Jammergenoeg moest er de beslissing worden genomen om de PIP probiotica dag van 10 december jongstleden te annuleren wegens te weinig aanmeldingen. KoiQuestion zou KoiQuestion niet zijn om hiermee genoegen te nemen. Zodoende werd een digitaal interview met diverse kritische vragen verstuurd en vervolgens door Dr. Robin Temmerman, CEO van Chrisal NV (producent van PIP) beantwoord. Lees nu deel 1 van het probiotica interview met Dr. Robin Temmerman.
Indien er vragen en of opmerkingen over de gestelde antwoorden zijn, zullen deze worden doorverwezen naar de heer Robin Temmerman.
Waarin verschilt de PIP Pond Plus productlijn van andere probiotica-producten die op de vijver- en koimarkt worden aangeboden?
“PIP maakt gebruik van heterotrofe organismen die gespecialiseerd zijn in het verbruiken van koolstofverbindingen, terwijl andere vijverproducten gebruik maken van ofwel stikstoffixeerders (-binders); ofwel melkzuurbacteriën (de eerste soort om de stikstofcyclus te optimaliseren, de tweede soort om de darmflora van de vissen te stabiliseren).”

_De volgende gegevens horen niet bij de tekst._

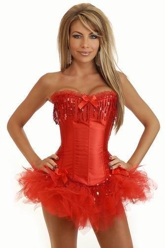 Красный корсет с пайетками и юбкой поможет создать вам яркий образ. Корсет сзади на шнуровке. В комплекте идут стринги.
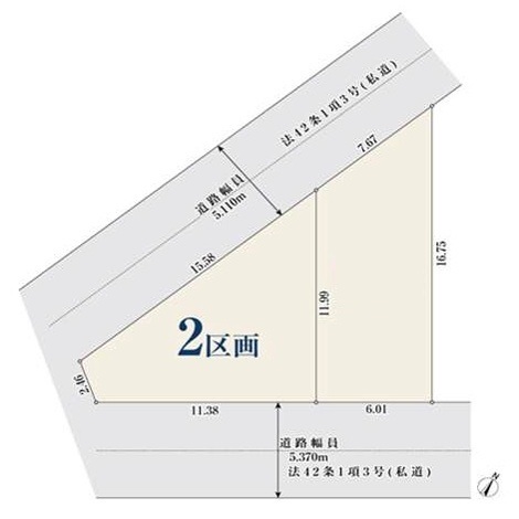 | 接道 | 西側5.22M道路に接道 南東側5.4M道路に接道 |

Welke specifieke bacteriesoorten worden gebruikt? Wat zijn de eigenschappen waarom juist voor deze soorten gekozen is?
“Er wordt gebruik gemaakt van een complex mengsel (consortium) van Bacillus bacteriën, de exacte samenstelling wordt geheim gehouden. Zoals bij bovenstaand antwoord vermeld, werden deze bacteriestammen geselecteerd om SAMEN een maximale afbraak te doen van overtollig organisch materiaal in het water. Hun voornaamste eindproduct is CO2. De efficiëntie van de producten zit hem in de combinatie van de verschillende bacteriestammen; gespreid over een heel brede range van temperatuur (5 – 50°C), pH (5 – 9) en zuurstof (zelfs semi-anaeroob) zorgen zij voor een permanente activiteit.”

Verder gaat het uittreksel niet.